Menyadari kebenaran ini, ekspresi ceria Zhen Jin menghilang dan digantikan oleh tawa getir yang penuh kekesalan.
Zhen Jin tidak tinggal lama setelah makan sampai kenyang, melainkan langsung kembali.
Dia datang ke api unggun dan melihat Zi Di dan Cang Xu.
Tikus dan kadal itu sudah matang, tetapi Zi Di dan Cang Xu tidak memakannya meskipun mereka sangat lapar.
“Makanlah, Tuhanku.”
“Tuan Zhen Jin, jangan menolak tanpa alasan. Hanya dengan stamina yang cukup Anda dapat memastikan keselamatan kita, bukan begitu? Sekalipun kita memiliki stamina yang cukup, kita tidak dapat menghadapi binatang buas berkekuatan sihir.”
Meskipun Zi Di dan Cang Xu kelaparan, seolah-olah atas kesepakatan sebelumnya, mereka menyarankan Zhen Jin untuk memakan dua potong daging itu dengan segala cara.
Tentu saja, Zhen Jin tidak bisa setuju karena dia sudah makan sampai kenyang.
Kedua belah pihak saling mendorong untuk makan, tetapi Zi Di dan Cang Xu memiliki sikap yang sangat tegas.

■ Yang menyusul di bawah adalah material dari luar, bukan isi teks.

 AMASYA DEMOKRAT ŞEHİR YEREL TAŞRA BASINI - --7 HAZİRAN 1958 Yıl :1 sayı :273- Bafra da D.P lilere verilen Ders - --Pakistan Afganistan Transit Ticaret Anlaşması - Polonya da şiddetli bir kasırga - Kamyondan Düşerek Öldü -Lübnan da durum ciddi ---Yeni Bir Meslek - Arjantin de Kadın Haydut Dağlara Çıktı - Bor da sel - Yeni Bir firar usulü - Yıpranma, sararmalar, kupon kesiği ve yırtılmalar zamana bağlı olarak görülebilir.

Zhen Jin tidak punya pilihan selain mengubah raut wajahnya: “Stamina saya masih cukup dan tubuh saya lebih baik daripada kalian berdua. Kalian belum cukup makan, jika kalian tidak makan makanan ini maka saya tidak bisa memastikan apakah kalian bisa bertahan sepanjang malam. Kayu bakar mungkin tidak akan cukup untuk sepanjang malam.”

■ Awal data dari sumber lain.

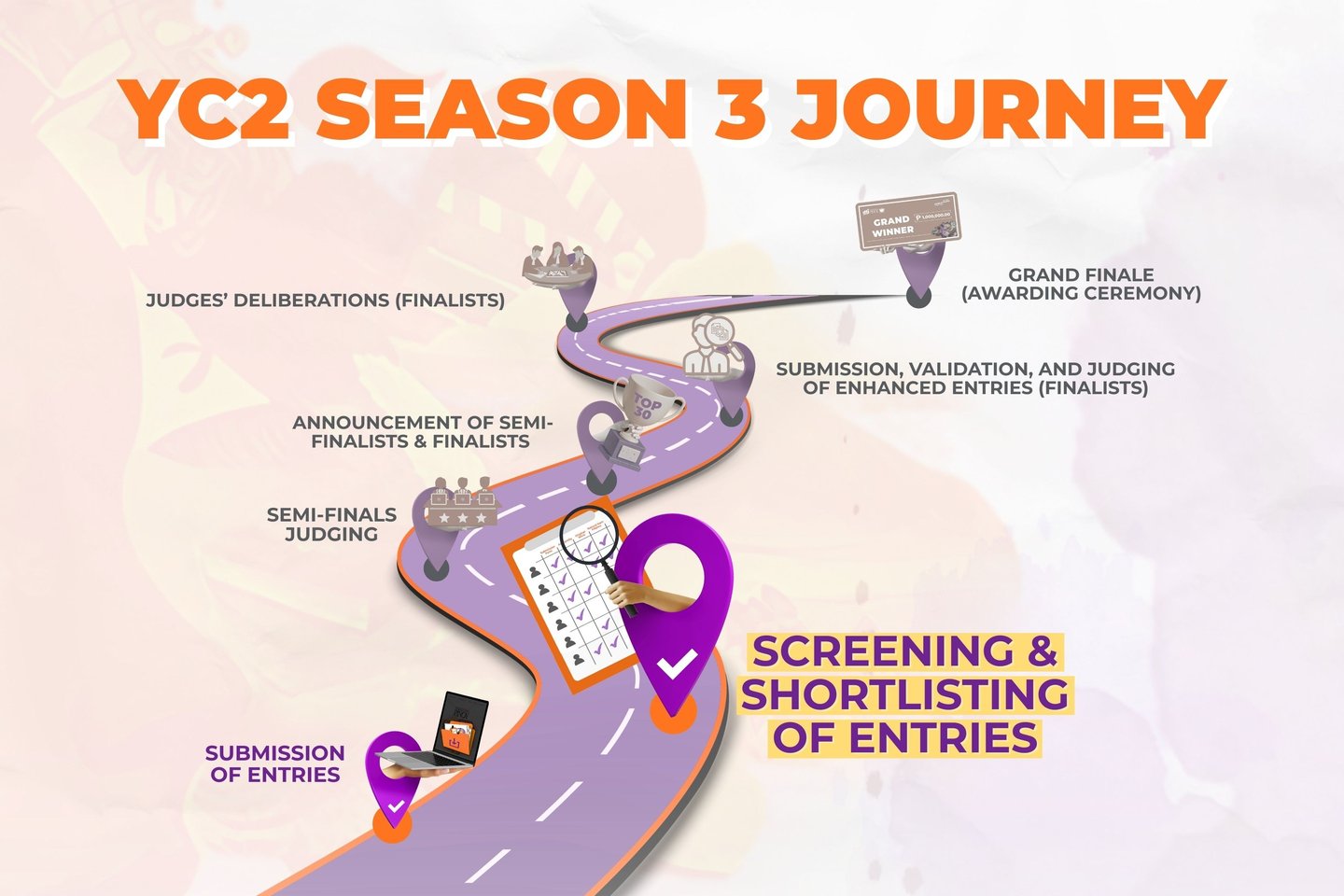 YC2 Season 3 continues to feature the YC2 Regular Edition, as well as the YC2 Elementary and High School Editions. The Regular Edition includes the following categories: Animation, Game Development, Graphic Novel, Online Content Creation, Playwriting, Screenwriting, and Songwriting. Meanwhile, the Elementary Edition and High School Editions cover the categories of Graphic Novel, Online Content Creation, Short Story Writing, and Songwriting.

Setelah mengatakan itu, Zhen Jin menatap Zi Di dalam-dalam: “Aku telah mengatakan bahwa aku akan melindungimu sampai akhir hayatku.”
Setelah itu, pemuda itu menghadap Cang Xu: “Bapak tua, meskipun Anda tidak mau berpihak kepada saya dan menjadi bawahan saya, saya akan melakukan yang terbaik untuk menyelamatkan Anda. Saya telah bersumpah untuk menggunakan seluruh kekuatan saya untuk menyelamatkan semua orang, termasuk Anda dan juga Bai Ya.”
“Jangan bilang kalian berdua ingin membuatku melanggar sumpahku? Apakah kalian ingin kehormatan kesatriaku ternoda?” Ekspresi Zhen Jin menjadi sangat tenang.
Zi Di dan Cang Xu menatap Zhen Jin, seolah-olah cahaya suci memancar dari seluruh tubuhnya dan untuk sesaat, hati mereka bergetar dan tak satu pun dari mereka berbicara.
“Sendawa.”
Pada saat itu, Zhen Jin tak kuasa menahan diri untuk tidak bersendawa puas.
Cang Xu dan Zi Di: ???
Catatan
Wah, bab ganda, aku suka saat bab-bab seperti ini tiba-tiba muncul dan langsung memberi informasi. Zhen Jin semakin mahir bertransformasi dan sepertinya ATP yang ia ubah menjadi makhluk ajaib juga terbawa ke wujud manusianya agar tetap berfungsi dengan baik. Lucunya, Cang Xu dan Zi Di mengira tanah adalah makanan sementara Zhen Jin melahap logam dan granit. Begitu Zhen Jin meninggalkan pulau itu, dia harus berbelanja di toko tempat Hulk membeli celana pendeknya agar dia tidak tiba-tiba telanjang.